Естественно, что ориентация на нефункционализм (и либеральную парадигму) стимулировала в исследованиях политики ЕС развитие анализа ее инновационных сегментов. В их тематике преобладало изучение становления и функционирования наднациональных политических институтов сообщества, их взаимодействия с национальными, субнациональными и международными политическими контекстами, становление многообразных аспектов политической идентичности ЕС, содержания различных направлений коммунитарной политики. Все это способствовало развитию методов изучения новых процессов, стимулировало интеграцию в российские исследования подходов и наработок западных ученых [11; 15; 39; 40].
Что касается ориентации на парадигму реализма, то она не оказывала столь активного влияния на расширение тематики исследований и применение новых подходов к анализу политики ЕС. В этих исследованиях политика ЕС рассматривалась в более традиционном контексте — главное внимание обращалось на становление идентичности ЕС в сфере внешней политики, безопасности и обороны. Изучались также институциональные и концептуальные основания названных аспектов политики ЕС, анализировались их процессуальные и содержательные моменты, однако они не рассматривались как нечто принципиально новое для европейской и международной политики. В этом анализе Европейский союз представал в основном как политическая или даже военно-политическая группировка крупных европейских держав, которая может превратиться во влиятельного геополитического актора.

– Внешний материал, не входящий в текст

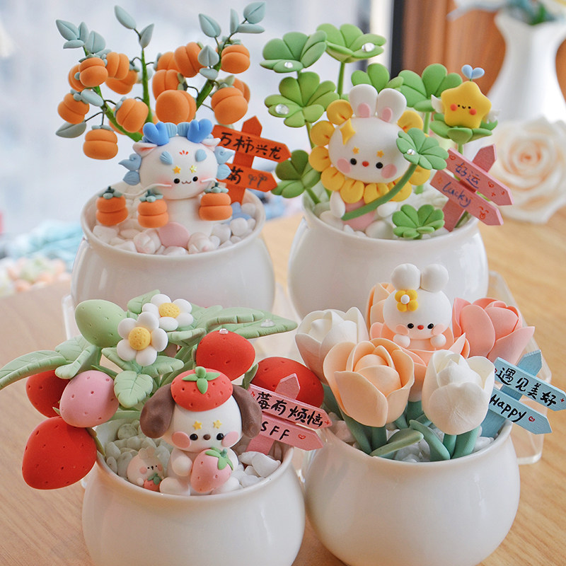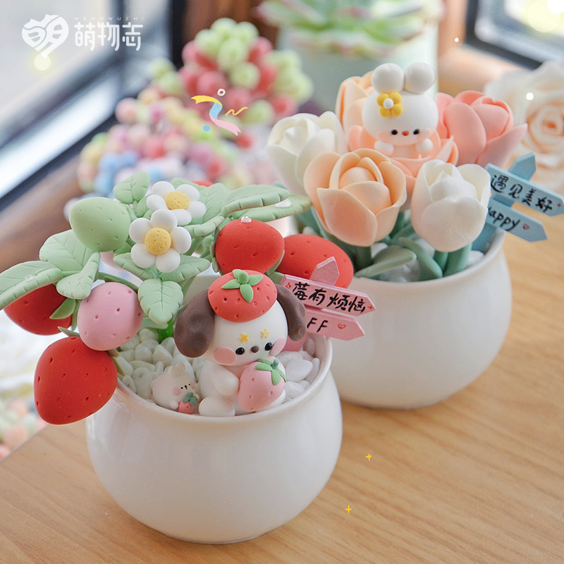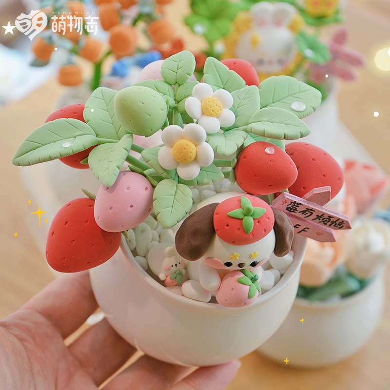 草莓郁金香diy粘土材料包仿真植物盆栽儿童亲子自制创意手工礼物

Исходя из логики реализма, процесс становления политической идентичности ЕС анализировали в контексте процессов и векторов, задаваемых политикой безопасности крупных держав и международных группировок. В этой связи главной задачей исследований представлялось определение роли и места ЕС в структуре («архитектуре») европейской и международной безопасности, которая мыслилась в логике реализма. Вместе с тем выводы при такой «традиционной» постановке вопросов оказывались достаточно противоречивы. С од-
ной стороны, на фоне сложившихся структур европейской безопасности становление идентичности ЕС в области внешней политики и политики безопасности выглядело процессом весьма ограниченным и скромным. По сравнению с политикой крупных держав и НАТО Евросоюз выглядел явным аутсайдером. С другой стороны, отмечались перспективы его усиления (через развитие ЗЕС как военно-политической составляющей ЕС), которые рассматривались как тенденции размывания натоцентризма в системе европейской безопасности [12; 14].
Некоторые исследователи отмечали, что такие оценки внешней политики ЕС приобрели распространение в российском научном дискурсе в 1990-е гг. и даже оказали влияние на выработку внешнеполитического курса, способствуя принятию ряда неверных решений. Указывалось, например, что преувеличивался антинатовский потенциал политики ЕС, а оценки ЕС и НАТО шли в противоположных направлениях [5].

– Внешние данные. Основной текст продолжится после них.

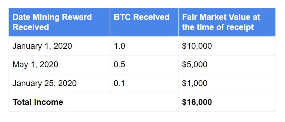 For example, assume David receives the following Bitcoin (BTC) mining rewards on the corresponding days. His total ordinary income from the mining operation for the month of January would be $16,000.

Но в действительности трактовки политики ЕС в духе реализма не были в российских исследованиях доминирующими, а их выводы к тому же не были вполне определенными. Основной массив в них, как мы уже говорили, представляли работы ученых, ориентирующихся на близкий либеральной парадигме неофункционализм. Другое дело, что они, возможно, оказывали меньше влияния на практическую политику.
Все же в целом можно констатировать, что на раннем постсоветском этапе (1990-е гг.) развития российских исследований политики ЕС связь исследований с соответствующими политико-идеологическими дискурсами (либералы-западники и государственники) проявлялась сильнее. В основном это соответствовало и тому этапу развития российских международных исследований в целом, о котором мы уже упоминали, когда политико-идеологические дискурсы были теснее переплетены с теоретико-методологическими.
Из разновидностей либеральных подходов европейским исследованиям была ближе умеренная, представлявшая интеграционную политику как очень сложный и, безусловно, инновационный для международной политики процесс. Наблюдение за политической интеграцией в ЕС показывало, что она идет очень непросто, каждый новый раунд расширения и углубления интеграции требует огромных усилий, одновременно порождая все новые трудности и проблемы [10]. Интеграционный процесс будет усложняться, в сообществе усилится дифференциация, осложнится принятие решений. Тем не менее в целом этот тренд позитивен, поскольку будет приближать Россию к пространству европейской интеграции и интенсифицировать ее взаимодействие с сообществом.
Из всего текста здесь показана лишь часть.